Simbolicamente, l’attribuzione del soprannome fa parte di un processo comunicativo fondamentale: il passaggio dall’essere non mafioso ad esserlo. Il soprannome è un riconoscimento ed una rilettura della propria identità all’interno della cellula mafiosa. In questo senso è vissuto come una consacrazione, proprio come nel caso dei frati che cambiano nome quando prendono entrano in un ordine religioso.
… e preoccupazioni pratiche
E quindi appare molto chiaro che i soprannomi rispondono a delle esigenze pratiche. La sicurezza innanzitutto: cambiar nome permette di proteggersi dalla fuga di notizie/delazioni. E’ per questo che Tommaso Buscetta, boss della mafia siciliana noto per essere stato il primo grande pentito di Cosa Nostra, si faceva chiamare Roberto.
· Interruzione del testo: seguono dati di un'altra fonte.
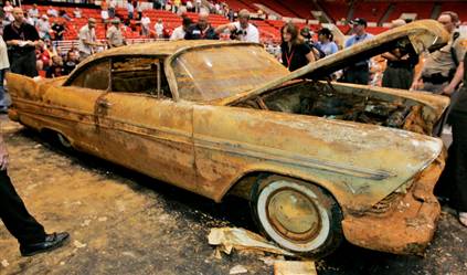Their fears were confirmed Friday evening at the Tulsa Convention Center, when organizers lifted a curtain: The car's rear end was dragging the ground, and its once-glossy finish was encrusted with barnacles of oxidation. The upholstery was eaten away, and only the metal base of the seats remained. The engine was crumbling, but a member of Coddington's crew was able to take out the dipstick, drawing a cheer from the crowd.
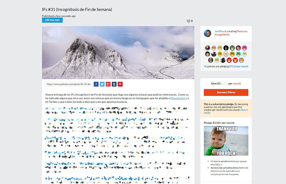 Como sabéis a partir de ahora mantendré de nuevo esta lista de enlaces a lecturas recomendadas, pero lo haré solo a mis patrones. Si queréis acceder a ella la tenéis por aquí, pero solo podréis ver ese contenido si sois patrones -podéis apuntaros aquí-, así que ¡ya sabéis!

Ma i soprannomi permettono anche di circoscrivere/evitare i problemi di omonimia. Nella famiglia dei Greco per esempio, ci sono parecchi Salvatore. Uno era soprannominato Chiaschiteddu (fiaschetto); l’altro si faceva chiamare l’Ingegnere o Totò il lungo.
Nella maggior parte dei casi, quindi sono i mafiosi stessi che si scelgono il proprio soprannome, che permetta loro di consolidare il proprio potere, o anche di evitare di essere riconosciuti in caso di arresti. Ma i media e la polizia possono anche assumere un ruolo nell’attribuzione dei soprannomi. Per esempio il titolo Capo dei capi usato per Totò Riina è un’invenzione dei media così come il termine Cupola, che indica il vertice di Cosa Nostra.
I mafiosi possono non gradire I soprannomi che vengono loro assegnati. Per esempio il padrino dei Colombo (clan mafioso newyorkese) Carmine Persico John, veniva chiamato dai poliziotti americani The Snake - Il Serpente. Un soprannome che il mafioso detestava soprattutto quando diventò famoso nella cerchia dei mafiosi.